>>105870348Well said. To the point, even if a bit oversimplified.
>not 10 millions lines of code X.org is more like 1.2 millions lines of code, but I understand it's a hyperbole.
>X is a lot of useless lines of code and dead code and useless features no one cared since 1990, all of which are bypassed using modules because since 2007 you really only cares about:>1. Get a GPU buffer>2. Draw on it on time>3. Occasionally handle inputsThat's the crux of the issue. The X protocol was made in a time when you expected the X server to handle fonts, text, filling boxes, and filling boxes with colours. Degraded colors. Shadows. Basically clients sent commands like "display A in that font with a shadow" to the X server, which then did its best. A lot of code was made for the X server to handle the most inane of graphical commands.
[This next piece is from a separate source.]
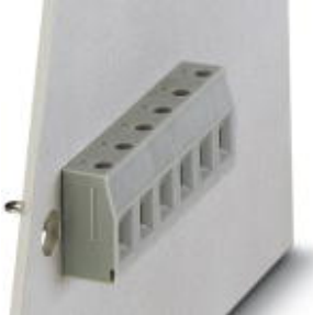
The illustration shows version VDFK 4 in gray

Please be informed that the data shown in this PDF Document is generated from our Online Catalog. Please find the complete data in the user's documentation. Our General Terms of Use for Downloads are valid ( http://download.phoenixcontact.com )

This was a 1988 paradigm. It worked. The protocol was also kinda extremely slow (each command are sent *individually* and then *acknowledged* individually, introducing many round trips, which wasn't an issue when you were in a fast LAN in 1988 with extremely weak computers, but is nowadays) and also kinda bad (if there is an error the X server returns *lmao there was an error* to the client, it is to the client to know what it did wrong, OpenGL had the same philosophy).
Except nowadays we expect things to our fonts, like, I dunno, anti-aliasing. And all of this is not handled by the graphical stack, but by whatever library you use to actually display characters, which simply put them into a GPU buffer. This hasn't been handled by X since yes roughly 2008. Well, more like early 2000s.
But the code remains. The protocol remains. The absurdly huge amount of code remains.
Since early 2010s, all any conceivable graphical softwares ask of X.org is: a buffer, a draw() command, and the input on it. Both of which are handled by two extensions to X.org, Xinput and whatever is for gpu access I forgot the name.